▶ DATA SEGMENT
/---
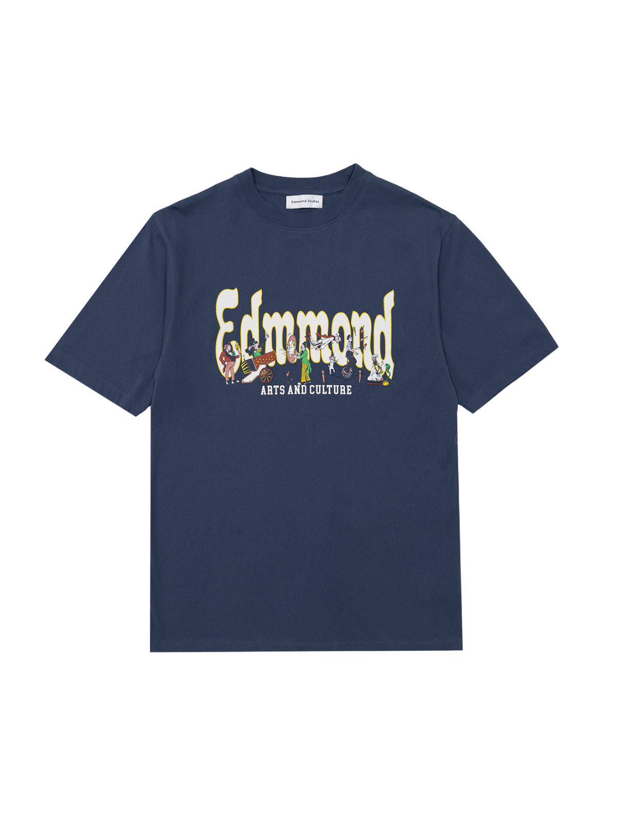 Camiseta de manga corta azul con estampado frontal. Confeccionada en algodón orgánico 100%. Fabricada en Portugal
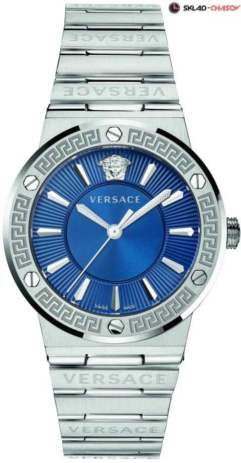 Изящный дизайн женских часиков, непременно, очарует каждую, кто бросит взор на этот шедевр часового искусства. Greca Logo. Циферблат с метками в виде штрихов. Метка на 12 часов выполнена в виде головы Медузы. Безель украшен гравировкой с меандровым мотивом. Рифленая заводная головка. Завинчивающаяся задняя крышка. Браслет с раскладывающейся застежкой.
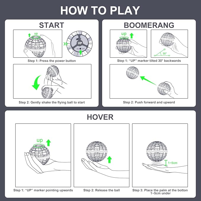 - Super Cool High-Tech Hand Controlled Drone : Our flying orb ball featuring a gyroscope and smart AI chip that promises intelligent flight. Different throwing angles and speeds will create different flight lines and boomerang effect. This cool stuff not only brings fun to play but also helps to improve children's hands-on ability, operating skills, intelligence, and creativity.
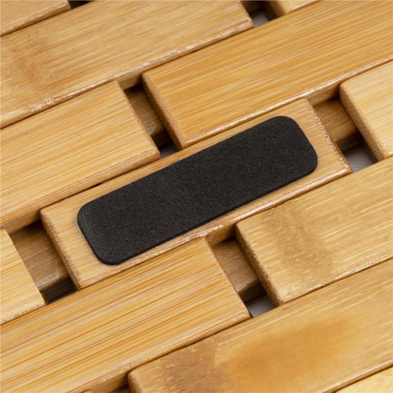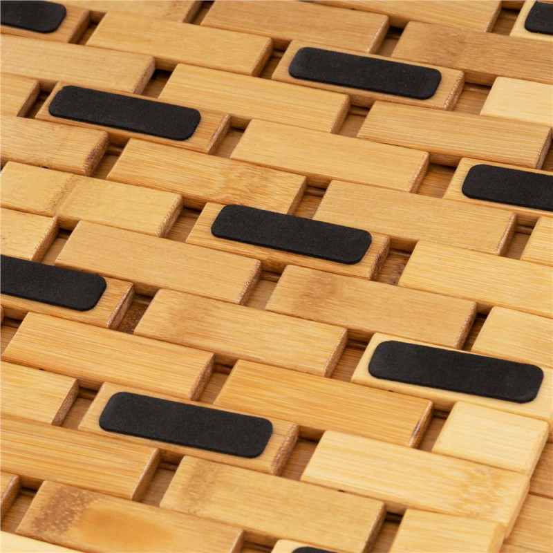 Scurta descriere: Covor de baie realizat din bambus natural, conceput pentru utilizare zilnica in spatii umede. Structura cu lamele permite scurgerea apei, iar suportul antiderapant asigura stabilitate pe diverse tipuri de pardoseala.
\---
No pictures should appear in the copy. Print exactly the lines above from the line containing "- Super Cool" through the last line of the data.

 - Super Cool High-Tech Hand Controlled Drone : Our flying orb ball featuring a gyroscope and smart AI chip that promises intelligent flight. Different throwing angles and speeds will create different flight lines and boomerang effect. This cool stuff not only brings fun to play but also helps to improve children's hands-on ability, operating skills, intelligence, and creativity.
 Scurta descriere: Covor de baie realizat din bambus natural, conceput pentru utilizare zilnica in spatii umede. Structura cu lamele permite scurgerea apei, iar suportul antiderapant asigura stabilitate pe diverse tipuri de pardoseala.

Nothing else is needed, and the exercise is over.